A plasma mixing test will show the presence of an inhibitor by the failure of normal plasma to correct the prolonged PTT. This test may require incubation for 2 to 4 hours. Factor VIII coagulant levels are low, which should not happen in von Willebrand's disease.
Hemophilia A is extremely unlikely in a woman because she would have to be homozygous recessive for the X-linked disorder. Factor VIII antibodies should be suspected in any patient with acquired severe bleeding and a prolonged PTT. The diagnosis is confirmed by mixing tests and by a failure of factor VIII concentrates to raise factor VIII:C levels.
Von Willebrand's disease is associated with mild mucosal bleeding. The measurement of von Willebrand's factor level will help you to distinguish between hemophilia A and von Willebrand's disease but won't explain why the coagulation profile was not corrected by transfusions of FFP.
Lupus anticoagulant is not associated with bleeding, unless a second disorder, such as thrombocytopenia or hypothrombinemia is present. Most commonly, it presents with thrombosis. Lupus anticoagulant also gives a prolonged PTT, and the mixing study will also fail to correct.
The Russell venom viper test is a more sensitive assay to demonstrate the presence of a lupus anticoagulant.
An antiphospholipid antibody is usually positive. Anticardiolipins are a related antiphospholipid antibody that can be detected by a separate assay.

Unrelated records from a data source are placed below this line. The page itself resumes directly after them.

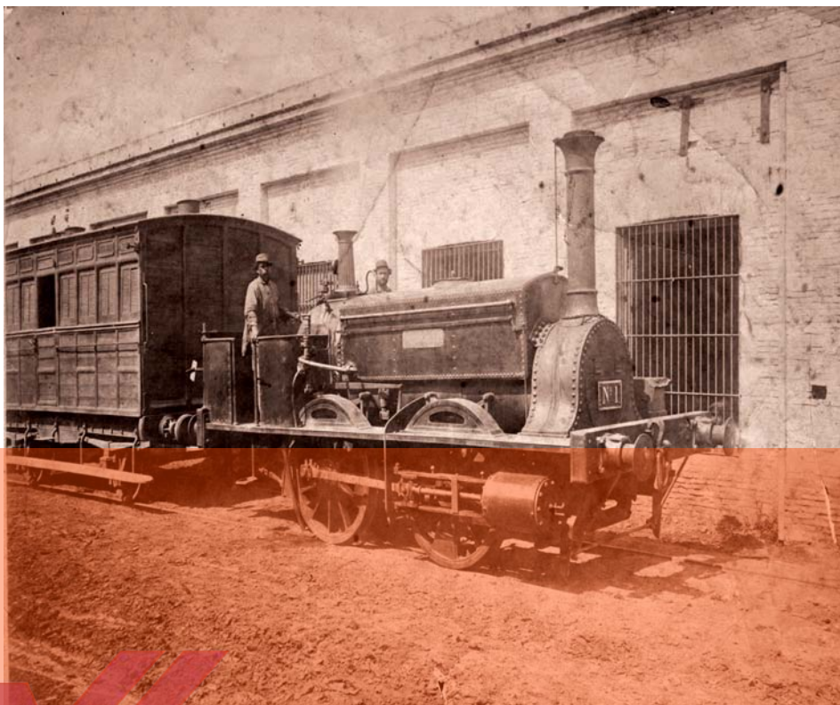
La Porteña (1857)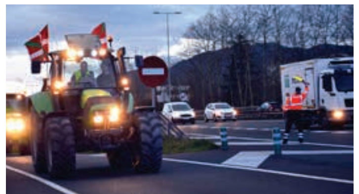
Ubilluts industriagunetik N1 errepidean murgildu ziren, Sorabilla auzoan. AIURRI

tuen salmenta susta dezatela eta ekoizpen kostuen gainetik ordain dezatela. Udalei turismoa lehen sektorearen gainetik ez jartzeaz gain, arindu dezatela burokrazia. Gipuzkoako Foru Aldundiari, berriz, baserritarren eskaerak "goiko karguen aurrean defendatzen" jarrai dezaten, batetik, eta bestetik, administrazioko tramiteetan lagun diezaieten.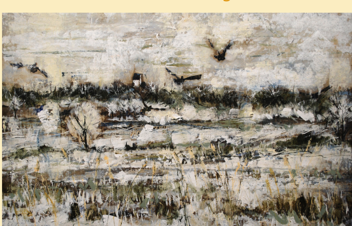
"Frostvejr" IV, 80 x 130 cm. 2011. Akryl på lærred

Derude i himlen høres stemmer om vår, de blander sig med vintervind og rester af sne, mens kysten knækker bølger i millioner af år. Nattrækker fugle, og marts viol Isblomster smelter under den sorte sol - i marsken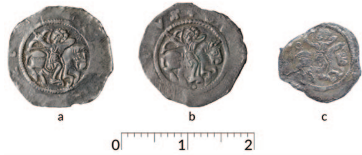
Obr. 2. Lící strany denárů Cach 562. Z nálezu Bzová 2020: a) varianta I (kat. č. 8), b) varianta II (kat. č. 23), c) varianta III (kat. č. 29), převzato z Lukas 2019 , obr. 5 na s. 12. Z nálezu z břevnovského klášteře 2009: d) kat. NPÚ č. 200, e) č. 201. Na slepenci 201 + 202 je zřetelné, že spodní mince č. 202 je větší než č. 201.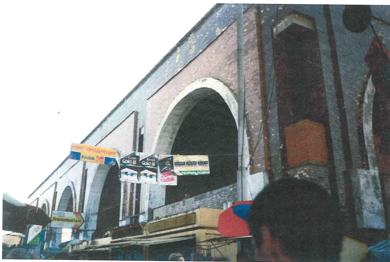
Здание торгового павильона на Центральном рынке города.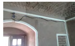
تصویر ۱۱- برق کشی روکار بدون داکت تاسیسات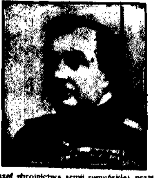
szef zbrojnicstwa armii rumuńskiej, przy był do Warszawy na czele delegacji zwiedzającej przemysł polski.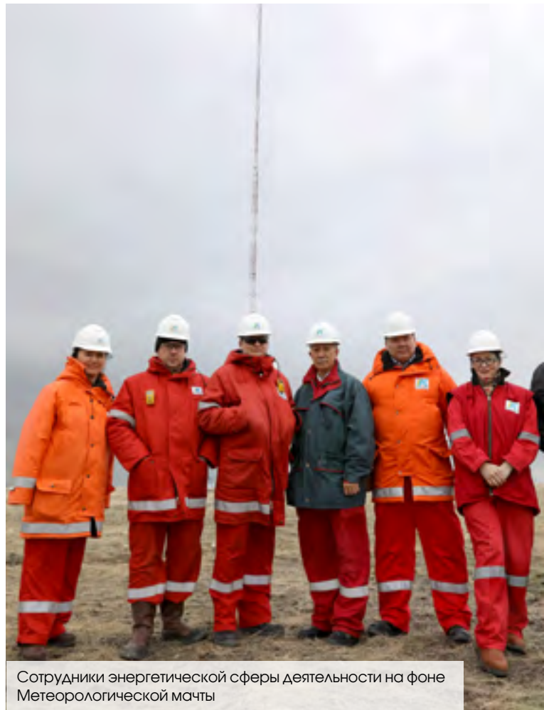
Сотрудники энергетической сферы деятельности на фоне Метеорологической мачты

В 2022 году КПО уделила внимание улучшению качества работ по техническому обслуживанию ВЛ-110 кВ и 35 кВ, во время которых были проведены детальные низовые инспекции состояния бетонных оснований крепления опор, выборочные верховые осмотры изоля-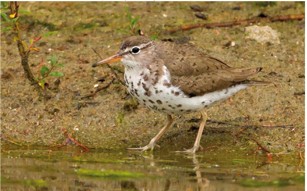
431 Spotted Sandpiper / Amerikaanse Oeverloper Actitis macularius , adult summer, Het Rot, Antwerpen, Antwerpen, Belgium, 4 August 2011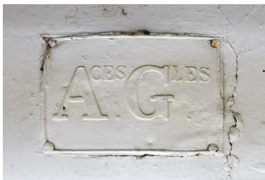
Plaque métallique sur le mur sud. IVR32_20245902962NUCA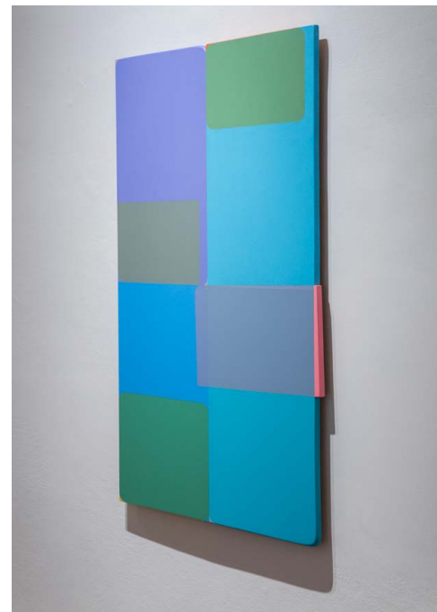
VARGA Bertalan: Légszomj. Alig formált 24. , 2019, akril, MDF-lap, 130×80 cm

„Igyekeztem egyfajta szükségszerűségre törekedni, a változatokat és lehetőségeket pedig egyszerre élvezni és rezignáltan tudomásul venni. Olyan képeket képzeltem el, amelyeken a színek és a vonalak nem elsősorban izgalmas konfliktusa, hanem egysége, egy töről fakadása van: egy olyan pont, ami szinte önmagától árasztja a gazdag sokféleséget és a formákat. A vonalat – melyről úgy éreztem, hogy az egy határozottabb értelmi gesztus – ettől kezdve mindig osztottságként, a színt pedig – amelyről úgy gondoltam, hogy az egyszerre érzelmes és érzéki, megfoghatatlanabb megjelenésforma – ezen osztottság nyomán létrejövő, szükségszerű változatokként képzeltem el. A lényeg, hogy a színek követik a vonalat, ami által a vonalak követik a színt. Ezt a paradoxont és komplementaritást akartam ábrázolni, és ezáltal minden stabilitást és kiindulást a munkáimból kiirtani. Egy műre a fogalmaim szerint akkor lehet azt mondani, hogy autentikus, ha stabil. Ami stabil, abban stabil pontot sehol sem találni: ez is csak egy komplementaritás.”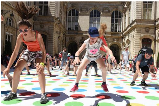
Défi sportif dans la cour de l'Hôtel de Ville !

Fibrin degradation products are elevated in DIC, which also presents with hypofibrinogenemia. D-dimer is the most sensitive of the fibrin-degradation products. The patient is usually seriously ill and has a low platelet count and elevation of the PT, as well as PTT. Bleeding may occur at any site, but spontaneous bleeding and oozing at venipuncture sites are important clues to the diagnosis.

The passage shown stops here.